The FHLB reported positive net income for the first nine months of 2010 and reported increased levels of capital as of September 30, 2010 compared to December 31, 2009. The Bank also continues to use and has access to the services of the FHLB. Management is not able to reasonably estimate the timing of the redemption of our shares. Management considers the investment in the FHLB as a long-term investment and values the investment based on the ultimate recoverability of the par value rather than by recognizing temporary declines in value. Based upon the foregoing, management has not recorded an impairment of the carrying value of our FHLB stock as of December 31, 2010.
Goodwill was $31.5 million as of December 31, 2010 and 2009. As of December 31, 2010, we had no reporting units where there was a reasonable
possibility of failing the Step 1 goodwill impairment test in accordance with GAAP. Step 1 of the goodwill impairment test is used to identify potential goodwill impairment by comparing the fair value of a reporting unit with its carrying amount. See Note 1 to the Consolidated Financial Statements for more information on our goodwill impairment policy.
Total deposits were $9.9 billion as of December 31, 2010, a $479.3 million or 5% increase from December 31, 2009. We experienced strong deposit growth from both our consumer and commercial customers throughout 2010. The increase was primarily due to a $370.7 million increase in our personal and business interest and non-interest bearing demand accounts. Also contributing to the increase was a $149.4 million increase in our consumer bonus rate savings products and a $146.3 million increase in our public deposits. This was partially offset by a $187.5 million decrease in our consumer and business time deposits and a $19.4 million decrease in our business money market savings accounts.
The increase in deposit balances over the past 12 months was due, in part, to an increased level of savings by customers during uncertain economic conditions.
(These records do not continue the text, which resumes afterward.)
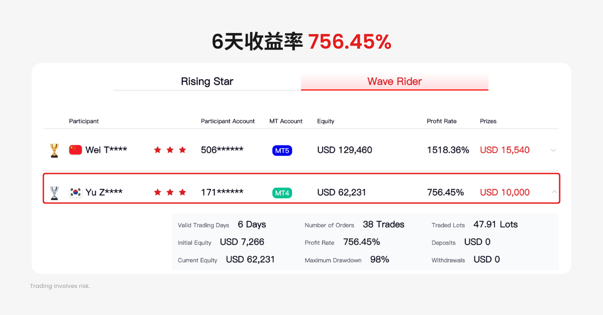 6 天 756.45% 的收益率,Yu Zaishek 向世人展示了什么是“韩国速度”,他的实力绝不亚于第一名 Wei Tengfei。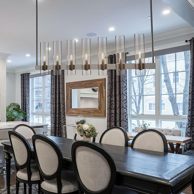 - [Stunning Modern Design] Our 7-light farmhouse linear chandelier is a sleek, linear pendant light fixture that adds an exquisite touch of style and sophistication to your kitchen island or dining room.
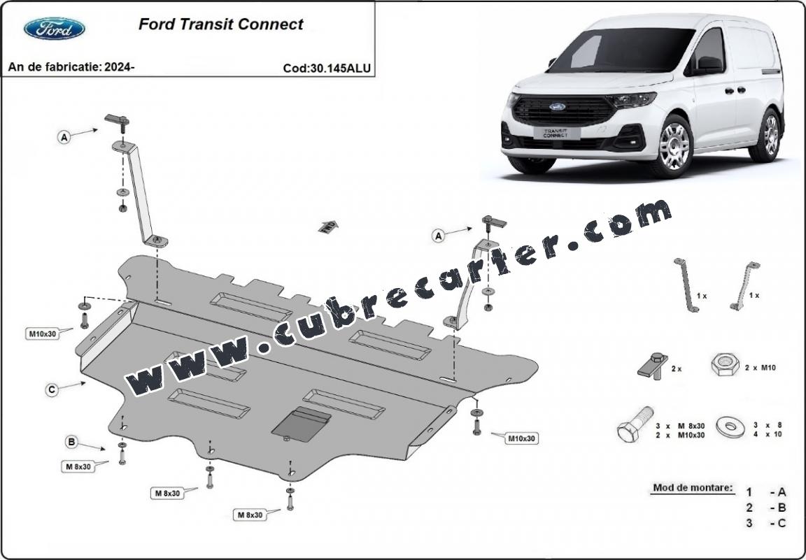 El cubre carter metalico es nuevo y se adapta perfectamente al Ford Transit Connect, con las siguientes versiones de motor / accionamiento: toate, fabricado entre 2024 y 2025. La placa protega los siguientes: motor, caja de cambios, radiador, parachoques delantero Está preparado de chapa de Aluminio de 3 mm. Los escudos son de aluminio, pero los soportes de fijación son de acero. Cerrojos, calces y todos los accesorios incluidos. Todas las placas son estrachadas con pintura de polvo anticorrosivo. Las placas del protección del motor son equipados con braceares soldados para resistir mejor a los impactos exteriores. |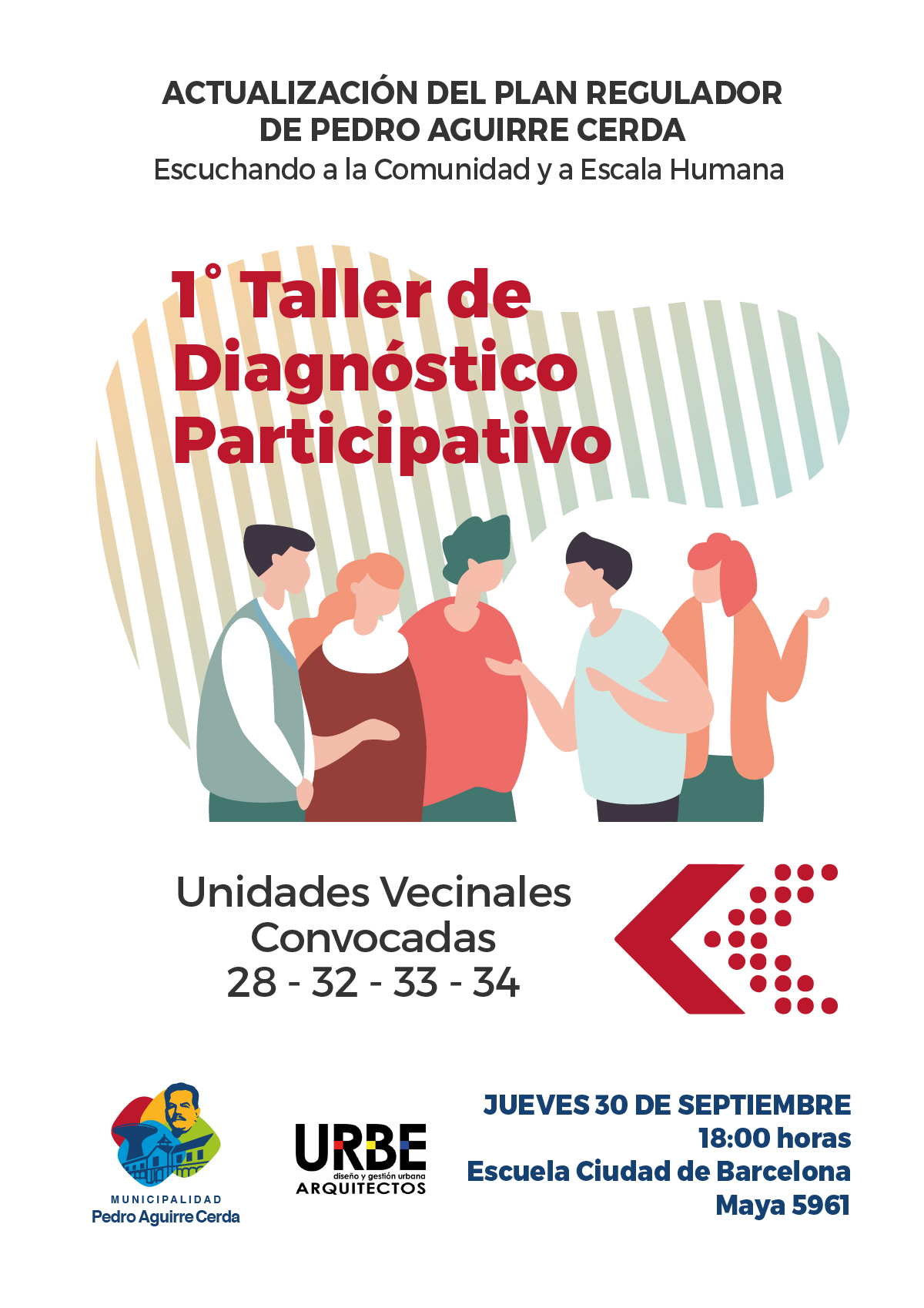 Estamos trabajando en la actualización del Plan Regulador, mediante una propuesta integral que permita brindar una mayor calidad urbana y que a su vez incorpore la participación ciudadana, recogiendo la voluntad de las comunidades y los barrios. Por ello, l@s invitamos a los talleres de diagnóstico que se realizarán en los territorios. Esperamos a tod@s a quienes vivan en las unidades vecinales 28, 32, 33, 34, este jueves 30 de septiembre a las 18:00 horas en la Escuela Ciudad de Barcelona (Maya 5961)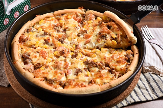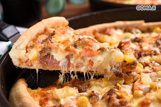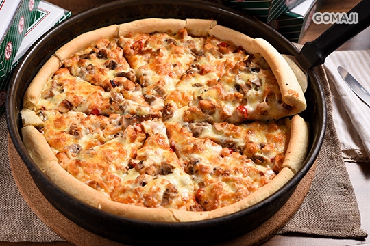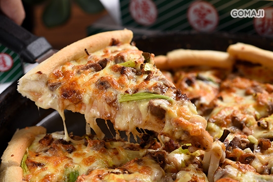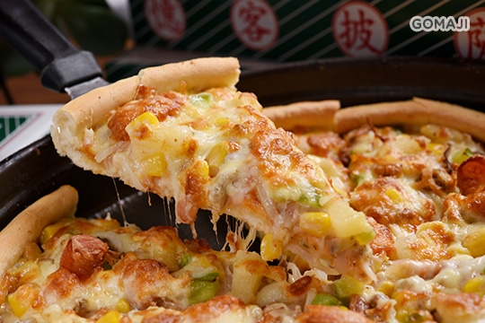 一道完美迷人的總匯披薩熱騰騰出爐啦!品嚐時感受到餅皮帶著自然的麵粉香氣與豐富食材的香濃,每一口令人心滿意足!

Average time deposits of $100,000 or more was $635.4 million in 2010 and $742.0 million in 2009. See Note 8 to the Consolidated Financial Statements for more information.
Table 11 presents the components of our savings deposits as of December 31, 2010 and 2009.
Borrowings consisted of funds purchased and short-term borrowings. Borrowings were $15.7 million as of December 31, 2010, a $0.1 million decrease from December 31, 2009. We manage the level of our borrowings to ensure that we have adequate sources of liquidity. Due to our successful deposit gathering efforts and our increased capital levels, our level of borrowings as a source of funds has remained low. See Note 9 to the Consolidated Financial Statements for more information.
Securities Sold Under Agreements to Repurchase
Securities sold under agreements to repurchase were $1.9 billion as of December 31, 2010, a $282.4 million or 17% increase from December 31, 2009. The increase was primarily due to new placements to accommodate local government entities, partially offset by the prepayment of three repurchase agreements with private institutions totaling $75.0 million. Securities sold under agreements to repurchase provide us with a short-term source of liquidity. As many of our securities sold under agreements to repurchase are at variable rates, this provided us with a relatively inexpensive source of short-term funding in the current interest rate environment. Average rates paid on securities sold under agreements to repurchase were 1.53% in 2010, a 53 basis point decrease from 2009. See Note 9 to the Consolidated Financial Statements for more information.
Long-term debt, which represents a relatively more expensive source of funds for us, was $32.7 million as of December 31, 2010, a $57.7 million or 64% decrease from December 31, 2009. This decrease was primarily due to a $50.0 million FHLB advance that we repaid in the second quarter of 2010.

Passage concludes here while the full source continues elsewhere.